Surging oil prices took its toll on equities, with crude oil up roughly 43% since the U.S./Israel strikes against Iran wrapped up its second week last week.
Despite the campaign being ahead of schedule, the effective closure of the Strait of Hormuz, and Iran's continued attacks on its neighbors, has increased worries that this could go on for longer than the stated 4-6 weeks that has been predicted.
Last week, the U.S. said it would be releasing 172 million barrels of oil from the Strategic Petroleum Reserves (SPR), as part of a coordinated effort by the G7 countries (and others) to tap as many as 400 million barrels of stored oil. The U.S. release is scheduled to begin this week and the drawdown will be spread out over 120 days.
On Saturday, the President said "many countries, especially those who are affected by Iran's attempted closure of the Hormuz Strait, will be sending War Ships, in conjunction with the United States of America, to keep the Strait open and safe." Details on which countries will send ships and when have not yet been provided.
Also weighing on stocks on Friday was a modestly mixed Personal Consumption Expenditures (PCE) index. The headline rate was up 0.3% m/m, in line with estimates, and easing from last month's 0.4% pace, while the y/y rate was up 2.8%, coming in under both the consensus and last month's 2.9%. The core rate (ex-food & energy) was up 0.4% m/m, same as last month and views for the same. The y/y rate ticked up to 3.1% vs. last month's 3.0% and forecasts for 3.0%. Not much of an increase. But the hike came from the core rate. And while the headline rate was lower, this was based on January data, which means we still have February to go, and the recent spike in energy prices won't be reflected until March's report.
The second estimate for Q4'25 GDP disappointed as well, with a reduced rate of 0.7% vs. the first estimate of 1.4%. While the lighter-than-expected first estimate was largely attributed to the record-long government shutdown in October and the first half of November, the second estimate's downward revision was blamed on reduced Final Sales to Private Domestic Purchasers (FSPDP), which is considered true demand.
This week we'll get a fair share of earnings with Micron, reporting on Wednesday, being the most anticipated one.
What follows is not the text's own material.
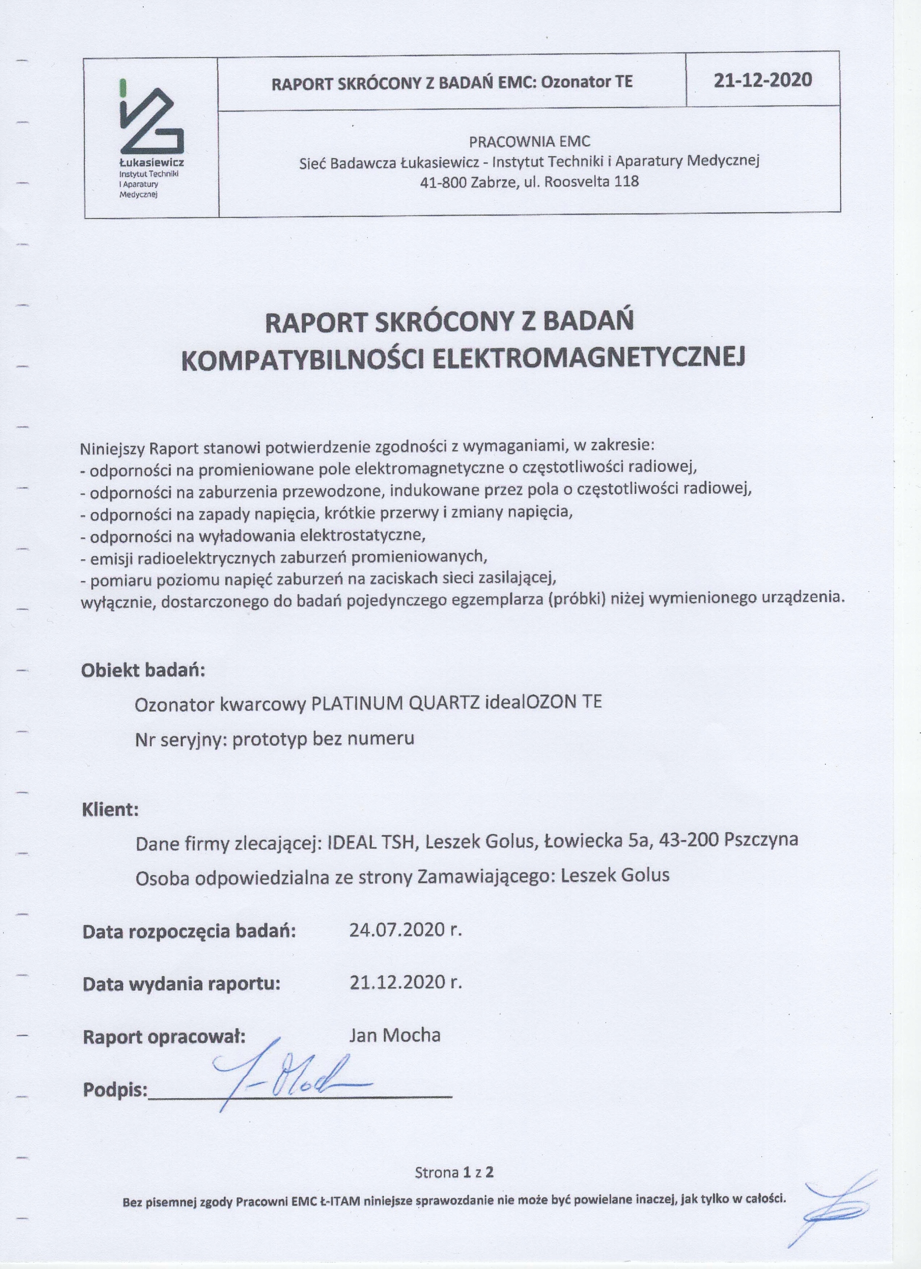 - Протестировано в ИНСТИТУТЕ ТЕХНОЛОГИИ И МЕДИЦИНЫ ОБОРУДОВАНИЕ "ИТАМ" в Забже

But widely held names such as Dollar Tree report on Monday; Elbit Systems, Oklo and lululemon go on Tuesday; FedEx and Chinese-headquartered Alibaba report on Thursday; and Carnival reports on Friday.
The market will also be watching the NVIDIA GTC (GPU Technology Conference), which starts on Monday, 3/16 and runs thru Thursday, 3/19. It's a global AI conference, where 'developers, researchers, and business leaders come together to explore the next wave of AI innovation.' NVIDIA is expected to give updates on Blackwell architecture, new AI inference hardware, make announcements pertaining to robotics and agentic AI, and provide updates on Omniverse and CUDA.
Middle East headlines will continue to influence prices.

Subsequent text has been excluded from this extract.